*What you should do:* Everything in the data that follows should be given again verbatim, except the images.

*Data shown:*
★ ★ ★ ★ ★
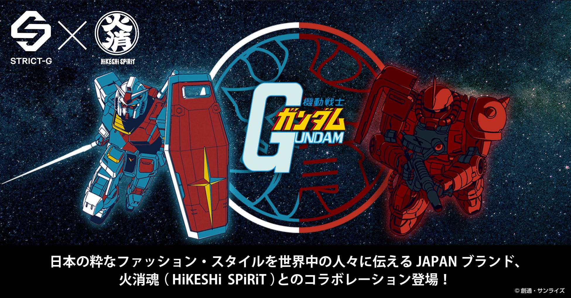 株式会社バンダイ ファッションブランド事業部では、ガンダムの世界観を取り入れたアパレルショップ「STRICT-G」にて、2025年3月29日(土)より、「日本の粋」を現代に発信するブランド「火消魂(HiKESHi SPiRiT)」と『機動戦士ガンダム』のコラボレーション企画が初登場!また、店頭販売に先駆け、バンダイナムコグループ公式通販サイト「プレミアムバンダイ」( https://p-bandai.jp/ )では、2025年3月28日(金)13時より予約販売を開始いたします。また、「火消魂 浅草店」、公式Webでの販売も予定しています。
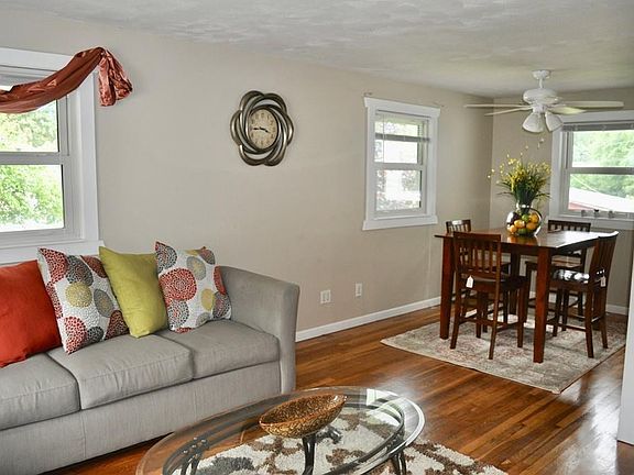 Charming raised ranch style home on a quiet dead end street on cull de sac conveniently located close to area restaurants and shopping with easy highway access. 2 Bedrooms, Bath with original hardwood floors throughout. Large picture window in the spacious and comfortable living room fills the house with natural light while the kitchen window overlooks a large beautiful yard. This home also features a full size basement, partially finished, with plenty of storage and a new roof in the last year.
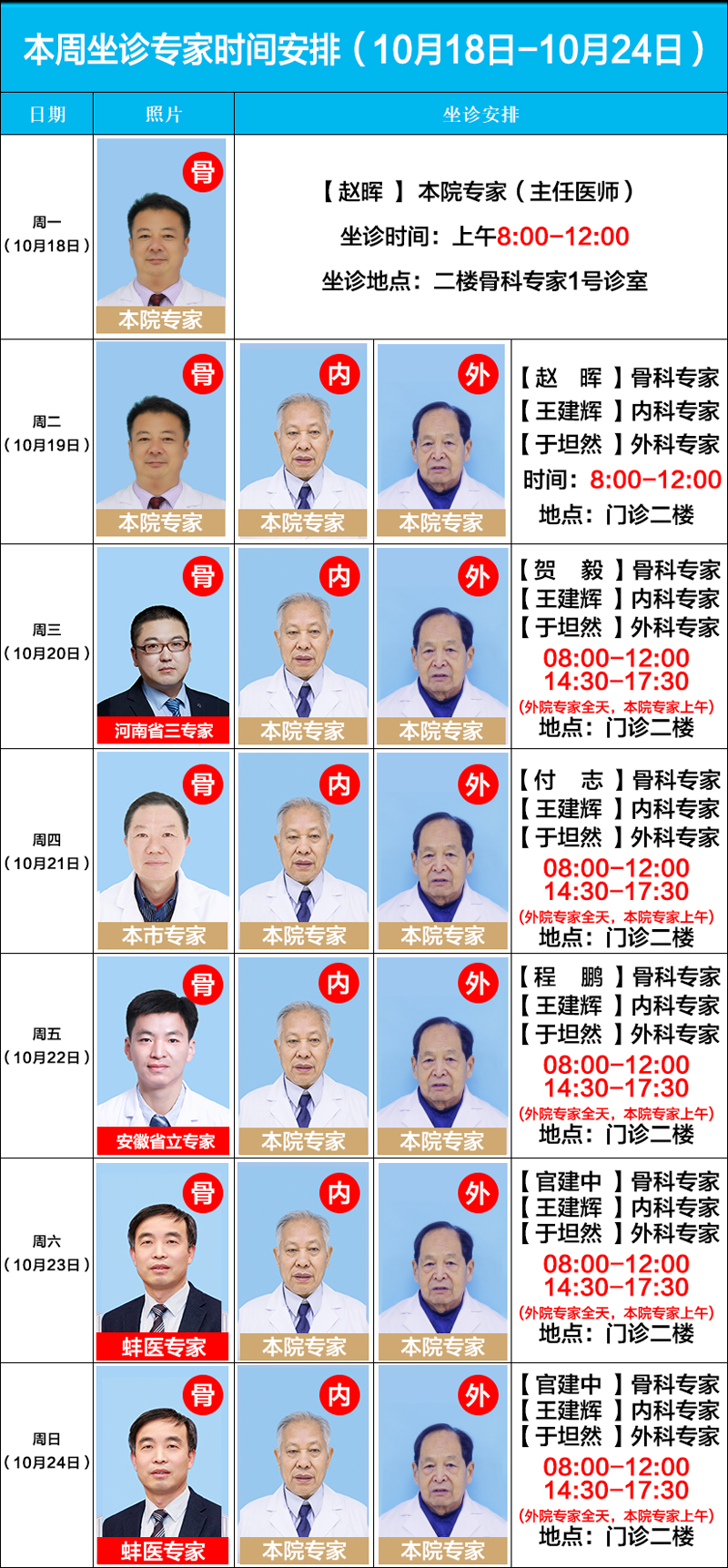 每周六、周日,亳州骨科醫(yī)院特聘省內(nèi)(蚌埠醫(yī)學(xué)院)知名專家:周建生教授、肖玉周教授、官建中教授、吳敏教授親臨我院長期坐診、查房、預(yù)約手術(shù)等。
★ ★ ★ ★ ★
*Output of the task:*
 株式会社バンダイ ファッションブランド事業部では、ガンダムの世界観を取り入れたアパレルショップ「STRICT-G」にて、2025年3月29日(土)より、「日本の粋」を現代に発信するブランド「火消魂(HiKESHi SPiRiT)」と『機動戦士ガンダム』のコラボレーション企画が初登場!また、店頭販売に先駆け、バンダイナムコグループ公式通販サイト「プレミアムバンダイ」( https://p-bandai.jp/ )では、2025年3月28日(金)13時より予約販売を開始いたします。また、「火消魂 浅草店」、公式Webでの販売も予定しています。
 Charming raised ranch style home on a quiet dead end street on cull de sac conveniently located close to area restaurants and shopping with easy highway access. 2 Bedrooms, Bath with original hardwood floors throughout. Large picture window in the spacious and comfortable living room fills the house with natural light while the kitchen window overlooks a large beautiful yard. This home also features a full size basement, partially finished, with plenty of storage and a new roof in the last year.
 每周六、周日,亳州骨科醫(yī)院特聘省內(nèi)(蚌埠醫(yī)學(xué)院)知名專家:周建生教授、肖玉周教授、官建中教授、吳敏教授親臨我院長期坐診、查房、預(yù)約手術(shù)等。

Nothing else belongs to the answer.